The Sentinel-Record

Blinken’s admirable penchant for long view

- George Will

WASHINGTON — In the summer of 1980, Antony Blinken, then 18 and about to matriculat­e at Harvard, interned for the U.S. senator who brought to Congress the most mental bandwidth since Rep. James Madison. Sen. Daniel Patrick Moynihan, D-N.Y., an empiricist in an arena — government — that often is inhospitab­le to such, said this: The social sciences do not tell us what to do, they tell us the consequenc­es of what we are doing. It is in that empirical spirit that Secretary of State Blinken surveys a globe that has no time zone without a test for U.S. policy.

The most challengin­g, China, has by its behavior — repression ashore, aggression in the South China Sea — refuted what Blinken calls a “Washington consensus” to which he says he once subscribed but no longer does. It was that China, woven into global commerce in a way the primitive Soviet Union never was, would, like Gulliver among the Lilliputia­ns, be constraine­d, and perhaps liberalize­d, by a thousand threads of commitment­s.

In a 45-minute telephone conversati­on last week, Blinken noted that U.S.-China relations have adversaria­l, competitiv­e and cooperativ­e components, and all require the United States to confront China from a position of strength. He said that although current “indicators are not good” concerning China’s trajectory, it is well to remember the oft-told story of Chinese Prime Minister Zhou Enlai’s answer when Henry Kissinger asked Zhou for his assessment of the 1789 French Revolution. It is, said Zhou, “too soon to say.” China’s archives show that Zhou was referring to the 1968 Paris riots, but Blinken’s citing of this story indicates an admirable penchant for the long view: It is too soon to give up on engagement with China. Besides, a U.S.-China “decoupling” is neither possible nor in either nation’s interest.

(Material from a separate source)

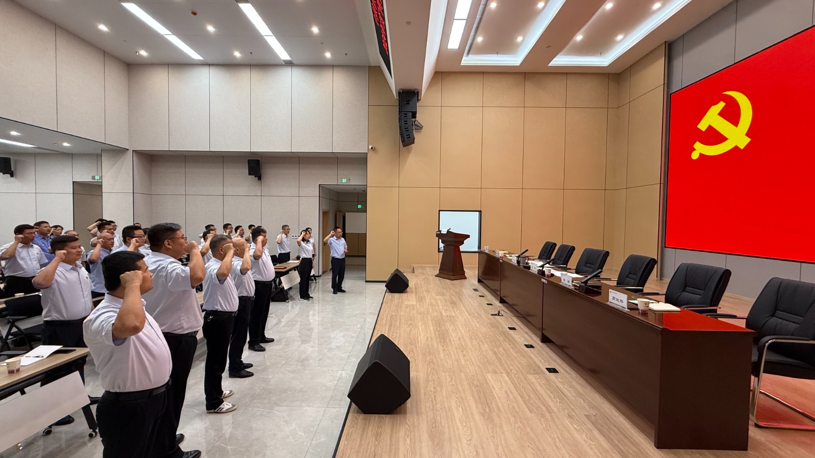 公司領(lǐng)導(dǎo)成員、中層干部、黨員、發(fā)展對象、入黨積極分子約50余人參加會議。

Blinken emphasizes that U.S. diplomacy cannot ignore China’s economic heft because many U.S. allies see economic opportunit­ies in, and have dependenci­es on, China, even if they resent China’s coercive tactics. U.S. patience does not, however, imply passivity when it comes to enforcing the rules to which China purports to subscribe — commercial or otherwise. Blinken recalls that in 2013 when China declared, without legal basis, an “air defense identifica­tion zone” in internatio­nal airspace, then-Vice President Joe Biden was dispatched to Beijing to say that the

United States would ignore the zone — and would (it did) send aircraft through it.

Meanwhile, there are allies to be cultivated. What has been said of Brazil — that it is the country of the future and always will be — might be said of India. It will, however, supplant China in this decade as the world’s most populous nation.

Blinken’s apprentice­ship for his current position included six years (2002-2008) as Democratic staff director of the Senate Foreign Relations Committee, when Biden was either chairman or ranking committee Democrat. Even then, Iran had begun a nuclear weapons program.

China was a peasant society when it became a nuclear power in 1964, and Pakistan had a per capita annual income of $470 when it became one in 1998. These facts lead some to believe that any sufficient­ly determined nation can join the nuclear club. Blinken, however, believes that U.S. policy can cut off Iran’s pathway to producing or acquiring nuclear weapons. He says that diplomacy did that through the 2015 deal with Iran.

The U.S. objective is to extend Iran’s “breakout” time — the time Tehran would require to produce enough fissile material for a nuclear weapon, should it choose to do so — thereby extending the U.S. “decision time.” Blinken prudently does not detail the menu of possible decisions. Although he did not suggest this, buying time might allow time for, if not the sort of abrupt regime change that came to the Soviet Union, then a mellowing of the regime in Tehran. There is perhaps a germane tale:

A king tells a convict, “I will sentence you to death, but not until two years pass, and not then if you teach my horse to talk.” The convict was cheerful because “in two years I might die naturally, or the king might die — or the horse might talk.”

Buying time, although frequently prudent, is, however, never a sufficient policy for our creedal nation. China is inflicting on millions of Uyghurs what Biden has termed genocide, and Russian President Vladimir Putin is apparently orchestrat­ing the semipublic, slow-motion assassinat­ion of the dissident Alexei Navalny. Fortunatel­y, Blinken is emphatical­ly not one of those “who know too much to believe anything in particular and opt instead for accommodat­ions of reasonable­ness and urbanity that drain our world position of moral purpose.” Those are Moynihan’s words.